> **Supplied information**:
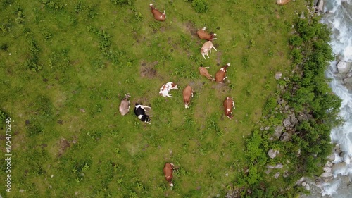 Summer Aerial View of Happy Cows Grazing by a Mountain Stream in the Austrian Alps.
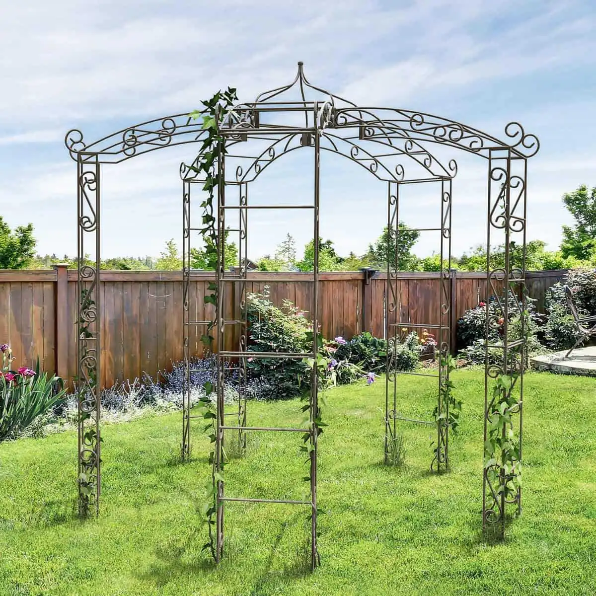 Kiosque gloriette en fer 5 pieds Pagode 5,20m2 Parfaite, dimensions exactes, facilités de montage, envoi rapide, pressée d'acheter les plantes grimpantes.
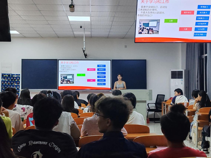 9月11日晚,开展“学长学姐说”学习经验分享会,由各个专业的优秀学子讲解他们的学习方法、专业技巧与未来规划。新生们认真聆听,与学长学姐们积极互动,提出了许多学习中的疑惑。大家纷纷表示受益匪浅,会以学长学姐为榜样,不断进取,奋发向上。

> **Assigned task**: Print the material exactly as given, but not the pictures.

> **Result of this exercise**:
 Summer Aerial View of Happy Cows Grazing by a Mountain Stream in the Austrian Alps.
 Kiosque gloriette en fer 5 pieds Pagode 5,20m2 Parfaite, dimensions exactes, facilités de montage, envoi rapide, pressée d'acheter les plantes grimpantes.
 9月11日晚,开展“学长学姐说”学习经验分享会,由各个专业的优秀学子讲解他们的学习方法、专业技巧与未来规划。新生们认真聆听,与学长学姐们积极互动,提出了许多学习中的疑惑。大家纷纷表示受益匪浅,会以学长学姐为榜样,不断进取,奋发向上。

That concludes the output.